Norm: Good day Daisy and thanks for participating in our interview.

Please tell our readers a little bit about your personal and professional background. 


Daisy: Hi, thanks for having me! I’m a lifelong mystery reader and cat person, currently raising my first puppy. In my non-writing, non-treat-dispensing life, I work in biotech research.

Norm: What do you think is the future of reading/writing? 

Daisy: I think the future will look a lot like the past, though sometimes it won’t seem that way. Our attention is stretched more than ever, but no matter how many other forms of entertainment become available, nothing will ever really replace the immersive experience of reading, where you can create whole worlds in your own mind.

Norm: How did you get started in writing? What keeps you going?  

Daisy: What got me started was a love of the stories and characters I created, and the desire to see them live for other people. What keeps me going, as far as I can tell, is sheer bloody-mindedness.

Norm: Are you a plot or character writer?  

Daisy: A little bit of both, I think? In a mystery, the plot has to be central, so that’s generally where I start. But within that structure, I try to let the characters drive the action.

Norm: What helps you focus when you write?  

Daisy: Setting a timer for half an hour and forcing myself to stick with it until the alarm goes off. The internet is full of temptations, and it’s much too easy to decide that you’re stuck on something when really it’s just hard and you’d rather go read Twitter.

Norm: What has been the best part about being published?  

Daisy: Having people read my book! And I made an excursion out to my local independent bookstore to see it on the shelf, which was a thrill of its own.

Norm: If you could relive a moment in your life, which moment would you choose and why?

Daisy: Ooh, that’s a tough one. Maybe when I got the call from my agent that we had an offer on the book--because of the time difference, I was still in bed, and I didn’t get the excitement of it right away. For the do-over, I would be prepped with champagne.

Norm: Does the line between truth and fiction sometimes become blurred for you?

Daisy: Doesn’t it for everyone? Not in terms of mistaking imaginary characters for real people, but more for the idea that events in real life should follow some kind of narrative arc, with conflict and resolution, and the million-to-one chance that works every time. Terry Pratchett wrote about this, and I think about it a lot.

Norm: Please tell us something about MURDER GOES TO MARKET?

Daisy: It’s a book! More specifically, it’s a cozy murder mystery about a woman who opens a marketplace for artisan producers, and is forced to turn detective when one of her tenants is murdered.

Norm: Did you write the novel more by logic or intuition, or some combination of the two? Please summarize your writing process. 

Daisy: A combination of the two.
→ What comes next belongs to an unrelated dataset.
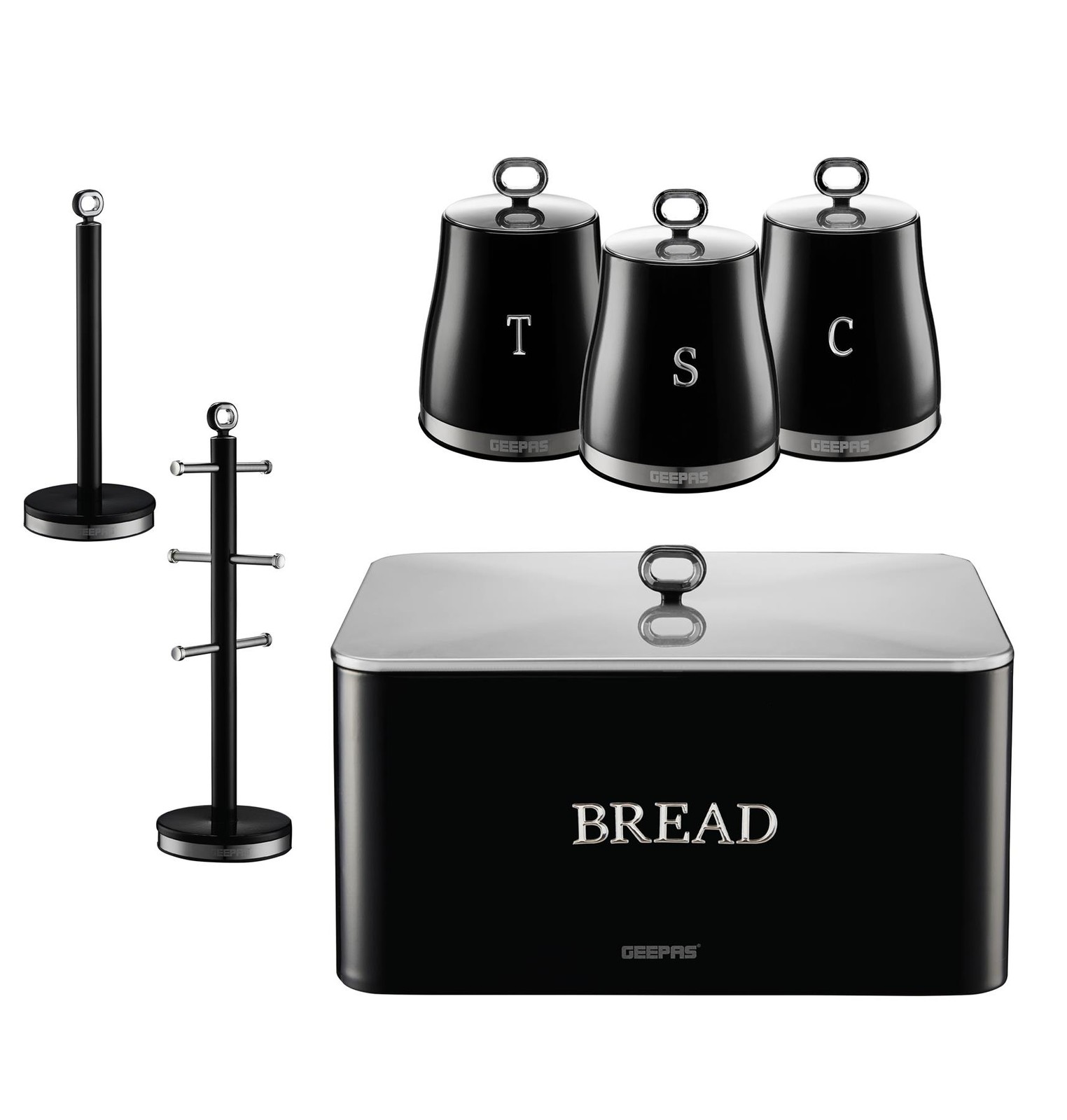 GEEPAS 6 Pc Tea Coffee Sugar Canister Bread Bin Mug Tree & Towel Pole Set Black

There needs to be logic--the plot has to make sense, actions have consequences, and I need to get from the beginning of the book to the end in a reasonably orderly fashion. And intuition comes in for the individual scenes; how would this character respond to this situation? What does their response look like to the other characters? And so on. The two need to work together, so that you don’t have a book that’s either paint-by-numbers bland or an unwieldy mess.

Norm: What process did you go through to get your book published?  
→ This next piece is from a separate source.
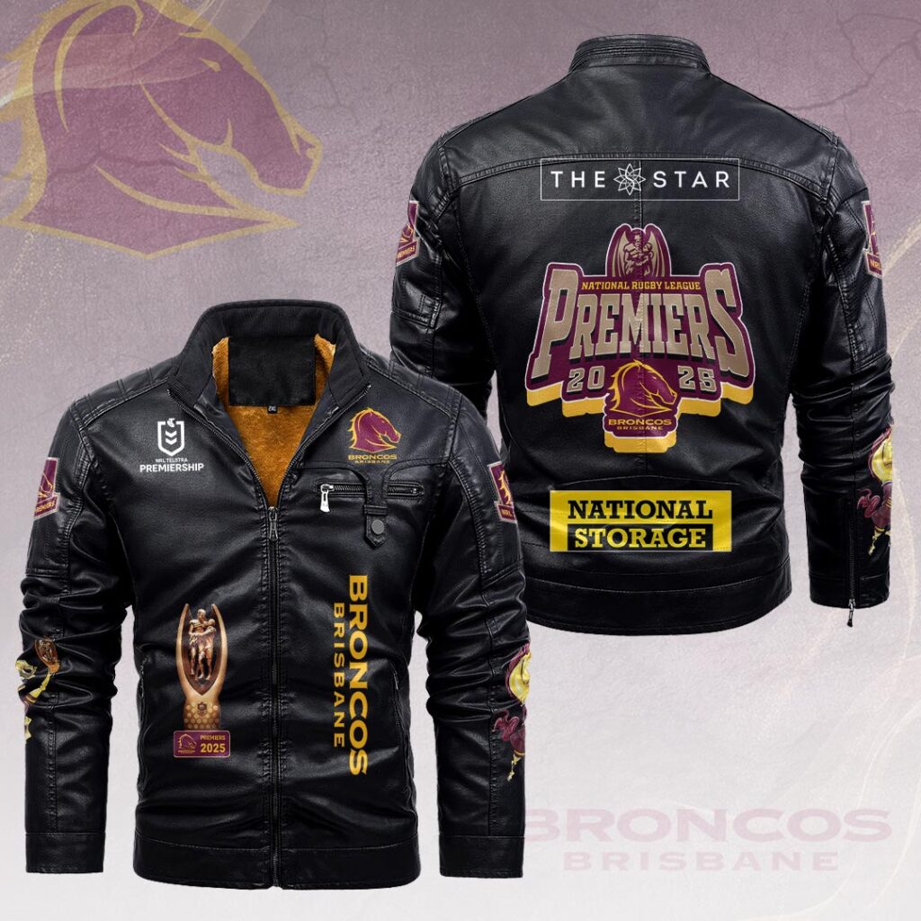 Brisbane Broncos 2025 NRL Premiers 2D Leather Yellow Fleece Jacket - HOATT14537

Daisy: A long one! Murder Goes To Market is actually the fifth book I’ve written, and the second to find a publisher (the previous one had its imprint close before the book reached publication). I am nothing if not a poster child for the importance of persistence. 

Norm: How much of the novel is realistic?  

Daisy: The setting is fairly realistic (though the actual town on the Sonoma coast on which it’s based is smaller than the San Elmo Bay of the book), and I did my best to make the food as real as possible. The part where a small business owner solves a murder on her own? Not so much.

Norm: What did you enjoy most about writing this book?  

Daisy: I really loved creating the characters and seeing them come to life as they developed throughout the story.

Norm: Where can our readers find out more about you and  MURDER GOES TO MARKET?

Daisy: Infrequently-updated WEBSITE

Mostly-news Facebook page

More-about-the-inner-workings-of-my-brain-than-you-needed  Twitter  

 Largely-puppy-pictures Instagram

Norm: What projects are you working on at the present? 

Daisy: Marketplace book 2! It’s going to be a lot of fun, with even wilder adventures for Claudia and her growing group of friends.

Norm:  As this interview comes to an end, what advice can you give aspiring writers that you wished you had received, or that you wished you would have listened to?  

Daisy: That it’s only failure if you let it be. Everything else is just a setback.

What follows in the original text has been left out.